Excerpted records >>
_ _ _ _ _ _ _
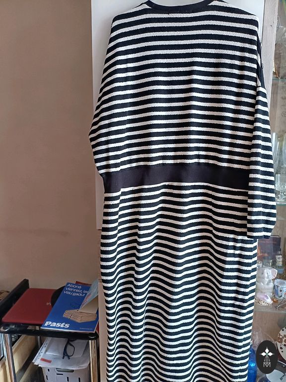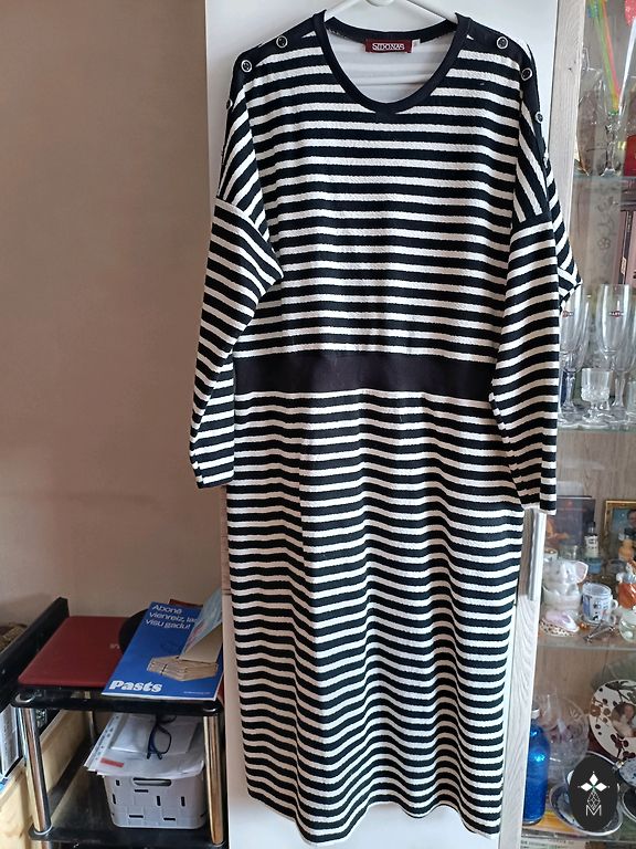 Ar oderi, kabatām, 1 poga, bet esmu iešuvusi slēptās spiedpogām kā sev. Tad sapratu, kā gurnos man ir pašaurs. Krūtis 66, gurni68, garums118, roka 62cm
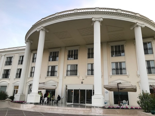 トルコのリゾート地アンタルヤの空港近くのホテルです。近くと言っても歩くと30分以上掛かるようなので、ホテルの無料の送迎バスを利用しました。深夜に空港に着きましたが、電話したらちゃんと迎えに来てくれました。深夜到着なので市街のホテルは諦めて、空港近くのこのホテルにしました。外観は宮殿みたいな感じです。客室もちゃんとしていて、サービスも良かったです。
_ _ _ _ _ _ _
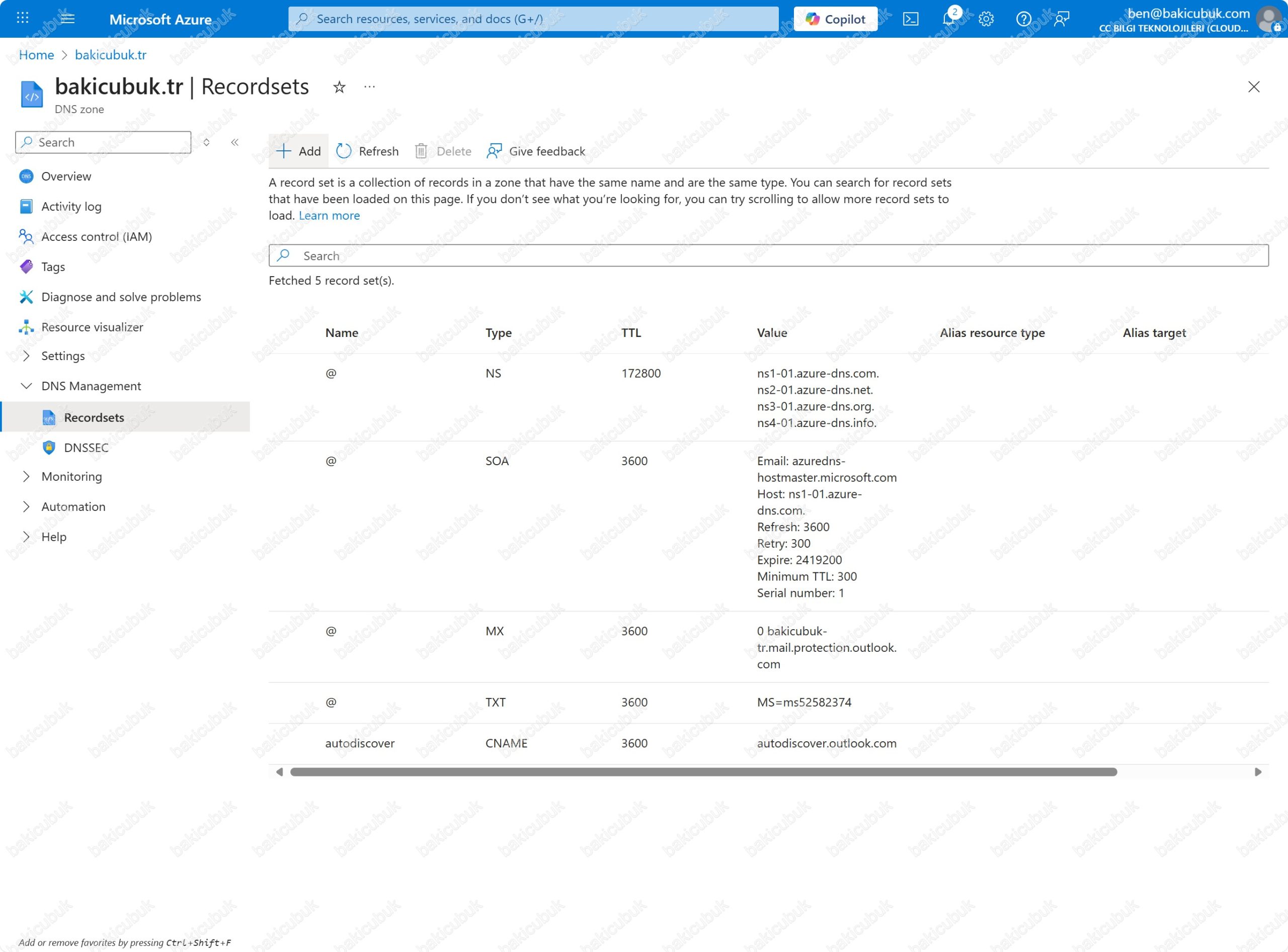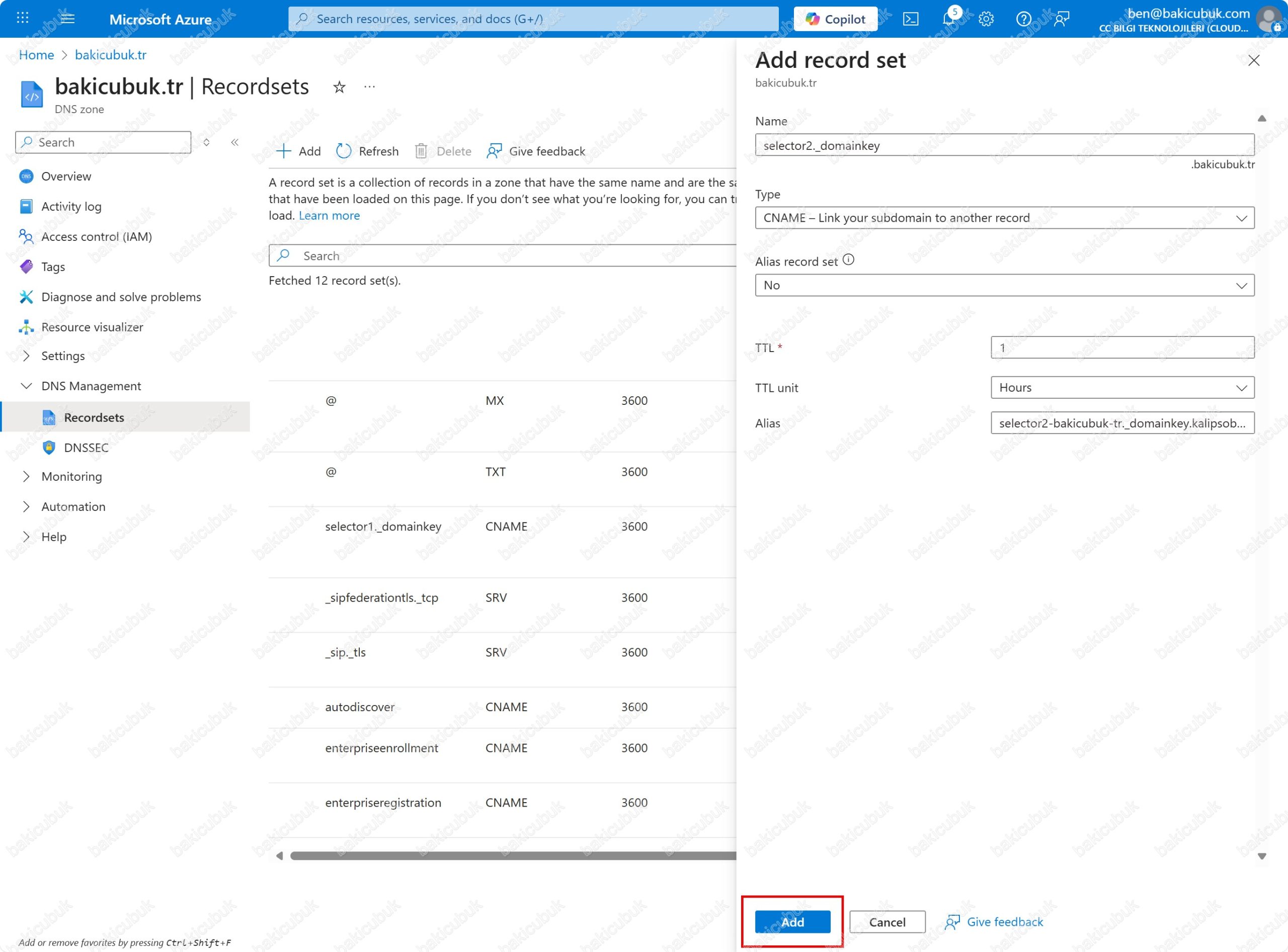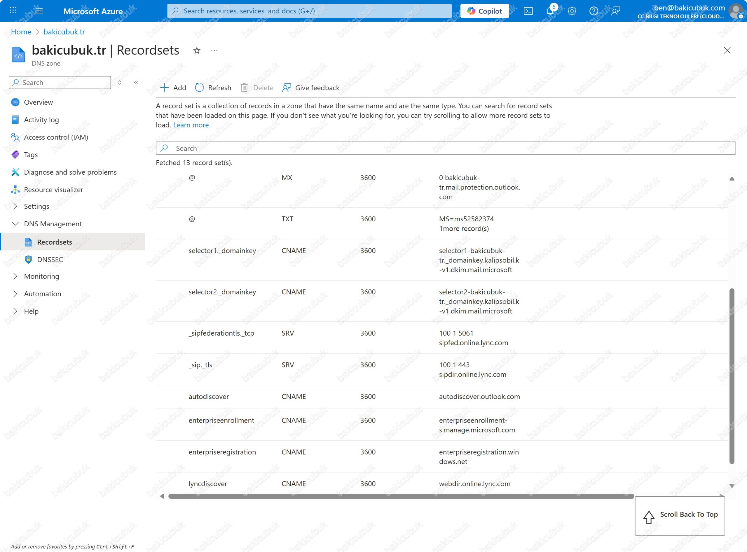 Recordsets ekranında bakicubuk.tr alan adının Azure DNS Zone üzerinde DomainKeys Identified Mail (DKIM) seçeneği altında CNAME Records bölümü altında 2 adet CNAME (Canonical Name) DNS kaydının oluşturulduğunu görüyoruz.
_ _ _ _ _ _ _
Assigned task >>
Copy the lines above between the one holding "Ar oderi, kabatām, 1" and the one holding "トルコのリゾート地アンタルヤ", inclusive. Drop the pictures.

Task output >>
 Ar oderi, kabatām, 1 poga, bet esmu iešuvusi slēptās spiedpogām kā sev. Tad sapratu, kā gurnos man ir pašaurs. Krūtis 66, gurni68, garums118, roka 62cm
 トルコのリゾート地アンタルヤの空港近くのホテルです。近くと言っても歩くと30分以上掛かるようなので、ホテルの無料の送迎バスを利用しました。深夜に空港に着きましたが、電話したらちゃんと迎えに来てくれました。深夜到着なので市街のホテルは諦めて、空港近くのこのホテルにしました。外観は宮殿みたいな感じです。客室もちゃんとしていて、サービスも良かったです。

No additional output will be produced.